Dalam praktiknya, transaksi dilakukan melalui komunikasi daring, sedangkan penyerahan barang dilakukan dengan cara menyembunyikan paket di lokasi yang telah disepakati.

Hasil pemeriksaan mengungkap TWS menerima instruksi dari King melalui aplikasi komunikasi Zangi.

Dari aplikasi tersebut, tersangka diperintahkan mengambil 12 paket sabu yang sebelumnya telah diletakkan di kawasan Bratang, Surabaya.

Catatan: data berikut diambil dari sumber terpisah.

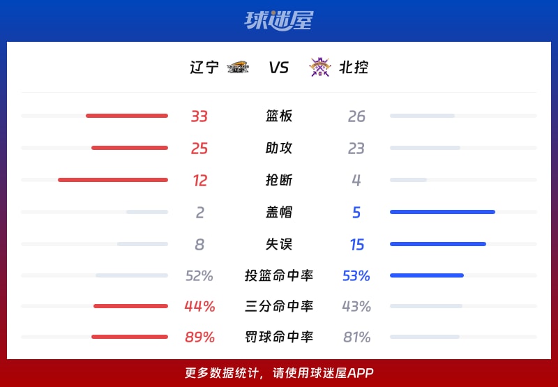 辽宁vs北控:得分98-86、篮板33-26、助攻25-23、抢断12-4、盖帽2-5、失误8-15、投篮命中率52%-53%、三分命中率44%-43%、罚球命中率89%-81%
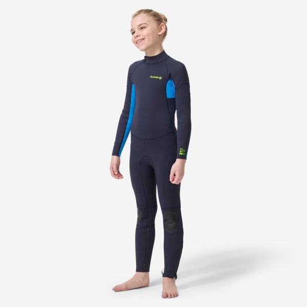 لباس غواصی بچهگانه OLAIAN مدل 100 Junior با ضخامت ۲/۲ میلیمتر و رنگ سرمهای، محافظی ایدهآل برای کودکان هنگام فعالیتهای آبی مانند موجسواری، شنا و ورزشهای تفریحی در آب است.
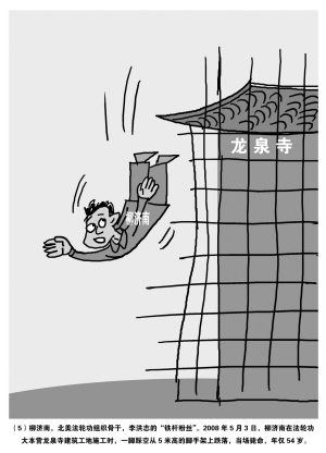 ?、?nbsp;柳濟(jì)南,北美法輪功組織骨干,李洪志的鐵桿粉絲。2008年5月3日,柳濟(jì)南在法輪功大本營龍泉寺建筑工地施工時(shí),一腳踏空從5米高的腳手架上跌落,當(dāng)場(chǎng)斃命,年僅54歲。(漫畫作者 星雨)
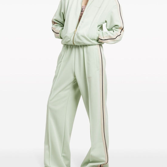 Mint green/off-white cotton side stripe detailing embroidered logo to the front elasticated waistband wide leg raised seam detail floor-length classic logo track loose classic logo track loose pants size and fit - this piece fits true to size. we recommend you get your regular size. model is 1,75m / 5ft 8in wearing size s
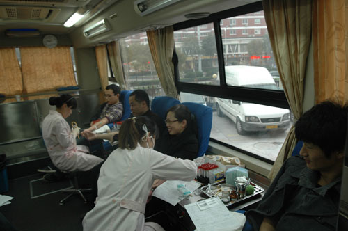 2012年3月23日,学院工会组织学院教职工到温州市中心血站参加无偿献血活动。这天早上八点半,天灰朦朦、阴沉沉的。二十多位老师却满怀着热情,洋溢着笑容,在学院工会的组织下搭乘校车前往市中心血站。老师们都是自愿报名,所以兴致很高。一到血站,有的老师已提早赶到,第一步的体检程序都做好了。随着程树存、赵秀芝等老师的陆续加盟,献血队伍更是壮大了,大家井然有序地排着队。不少老师都带来了献血证,他们都不是第一次参加献血活动,“献血献爱心,血浓情更浓”。经贸学院的白福川老师是第五次来献血了;技师学院程树存老师更积极,献血已达七次之多了;汽机学院的豆照峰老师才二十多岁,已是第八次献血了;年轻的女教师赵岚也很踊跃,一次又一次地参加献血。学院老师们献出的不仅仅是几百CC鲜血,更是一份真情,一颗爱心,谱写新时代雷锋精神。

Dua paket diberikan kepada TWS sebagai imbalan untuk dikonsumsi sendiri. Sementara 10 paket lainnya diperintahkan untuk diranjau kembali di sejumlah lokasi berbeda, antara lain di kawasan Jalan Jemursari, Jalan Margorejo, Jalan Pucang, dan Jalan Deltasari.

Sebelum seluruh paket itu sempat diambil oleh para pemesan, tim Satresnarkoba Polres Pelabuhan Tanjung Perak lebih dahulu melakukan penyergapan.

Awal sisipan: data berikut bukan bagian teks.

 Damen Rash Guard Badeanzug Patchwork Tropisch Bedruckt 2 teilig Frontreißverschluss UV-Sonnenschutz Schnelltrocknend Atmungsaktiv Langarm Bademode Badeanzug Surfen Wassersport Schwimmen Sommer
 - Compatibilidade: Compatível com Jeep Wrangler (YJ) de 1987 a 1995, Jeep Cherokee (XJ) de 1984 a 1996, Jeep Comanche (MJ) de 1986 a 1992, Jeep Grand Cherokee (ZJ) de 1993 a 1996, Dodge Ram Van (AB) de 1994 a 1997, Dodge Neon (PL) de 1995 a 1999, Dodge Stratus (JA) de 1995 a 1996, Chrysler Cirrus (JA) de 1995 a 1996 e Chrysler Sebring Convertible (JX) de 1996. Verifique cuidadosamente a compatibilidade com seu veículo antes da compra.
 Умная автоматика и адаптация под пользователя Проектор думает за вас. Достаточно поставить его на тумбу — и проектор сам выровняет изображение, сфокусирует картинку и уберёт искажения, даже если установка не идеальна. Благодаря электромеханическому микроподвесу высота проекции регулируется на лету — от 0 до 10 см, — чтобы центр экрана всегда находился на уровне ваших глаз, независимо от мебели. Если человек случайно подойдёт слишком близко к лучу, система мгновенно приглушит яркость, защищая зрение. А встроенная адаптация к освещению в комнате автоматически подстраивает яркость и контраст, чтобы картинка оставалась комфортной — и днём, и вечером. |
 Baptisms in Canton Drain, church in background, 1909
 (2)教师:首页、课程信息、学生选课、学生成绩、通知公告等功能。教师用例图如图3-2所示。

Tersangka berhasil diamankan bersama seluruh barang bukti sehingga distribusi sabu tersebut gagal beredar di masyarakat.

“Tindakan cepat anggota di lapangan berhasil menggagalkan penyebaran seluruh paket sabu yang telah disiapkan untuk diedarkan. Kami terus mengembangkan penyelidikan guna mengungkap jaringan di atasnya,” kata AKP Adik Agus Putrawan.

Di hadapan penyidik, TWS mengaku memperoleh upah Rp20 ribu untuk setiap paket sabu yang berhasil diletakkan sesuai instruksi bandar. Selain menerima bayaran tunai, ia juga memperoleh sabu secara cuma-cuma sebagai bentuk kompensasi atas perannya dalam jaringan tersebut.

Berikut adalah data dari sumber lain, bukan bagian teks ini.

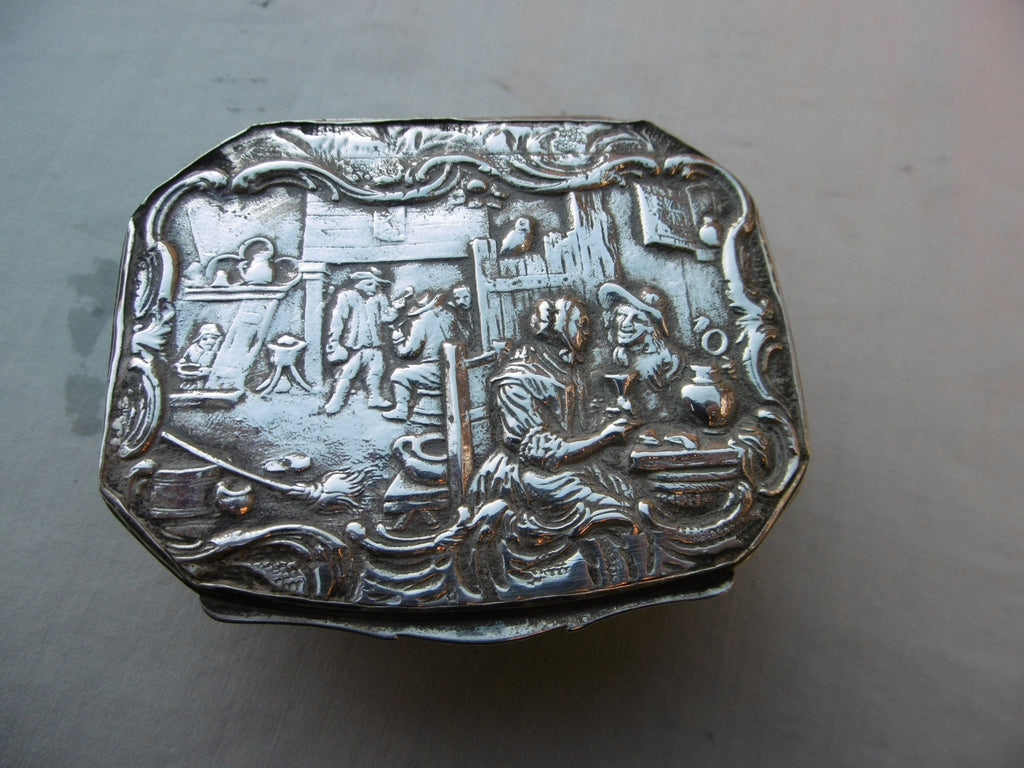 1740 large Georgian silver and Agate snuff box with Tavern scene.
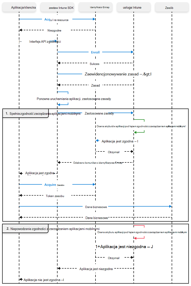 Przepływ procesu zgodności zarządzania aplikacjami mobilnymi
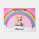 Este tapete de boas-vindas ao Felz pascoa vai olhar excelente na sua porta com um coelho com um ovo colorido e flores sentados nas nuvens
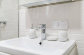 Ceramiczny zlewozmywak z kranem z mydłem i dozownikami szamponów w drogiej łazience na poddaszu lub kuchni
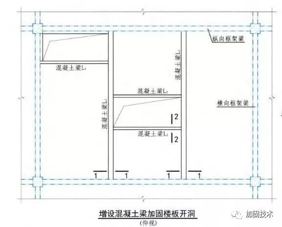 当楼板开洞进一步扩大,导致洞口宽度或洞口直径大于1000mm,或切断钢筋数量超过20%时,以及洞口存在较大集中荷载、预制板切断主肋等情况下,仅靠碳纤维布或钢板起到的加固作用将非常有限,应改变传力路径以减少应力集中对楼板受力产生的不利影响。
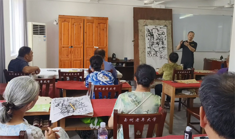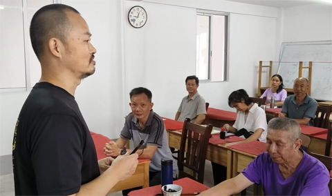 今天早上是书法班开学第一节课,加入了很多新学员。梁耀老师为兼顾新老同学的学习,认真讲课,书法从运笔及欧体、楷书、柳体结构去认识,祥细讲授,同学们认真听课。
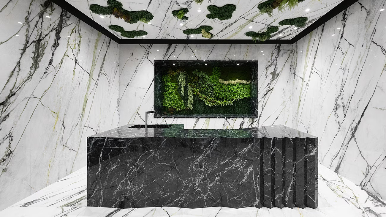 易於與自然元素搭配,並具有較高的環保礦物質含量,人造石的物理和技術特性使其成為垂直花園中環保永續發展的好選擇。

Penyidik juga mengungkap TWS merupakan residivis kasus narkotika. Pada 2023, ia pernah menjalani hukuman penjara selama dua tahun enam bulan dalam perkara serupa di Lapas Madiun Baru. Setelah bebas, ia kembali terlibat dalam jaringan peredaran sabu dengan alasan tekanan ekonomi.

“Tersangka mengaku kembali melakukan perbuatan tersebut karena alasan ekonomi. Namun apa pun alasannya, peredaran narkotika merupakan tindak pidana serius yang akan kami tindak secara tegas,” tegas AKP Adik Agus Putrawan.

Dari tangan tersangka, polisi menyita 12 klip plastik berisi narkotika jenis sabu dengan berat bruto sekitar 12,18 gram, satu kotak telepon seluler, serta satu unit telepon genggam yang diduga digunakan sebagai sarana komunikasi dengan bandar.

Atas perbuatannya, TWS dipersangkakan melanggar Pasal 114 ayat (2) Undang-Undang Nomor 35 Tahun 2009 tentang Narkotika sebagaimana telah disesuaikan melalui Undang-Undang Nomor 1 Tahun 2026 tentang Penyesuaian Pidana atau Pasal 609 ayat (2) huruf a Undang-Undang Nomor 1 Tahun 2023 tentang Kitab Undang-Undang Hukum Pidana juncto Undang-Undang Nomor 1 Tahun 2026.

Saat ini penyidik masih mendalami keterangan tersangka untuk menelusuri alur distribusi dan pola komunikasi dalam jaringan tersebut.

Pengejaran terhadap King sebagai pengendali utama terus dilakukan melalui pengembangan penyidikan dan koordinasi dengan sejumlah satuan kepolisian guna mengungkap jaringan peredaran narkotika yang lebih luas.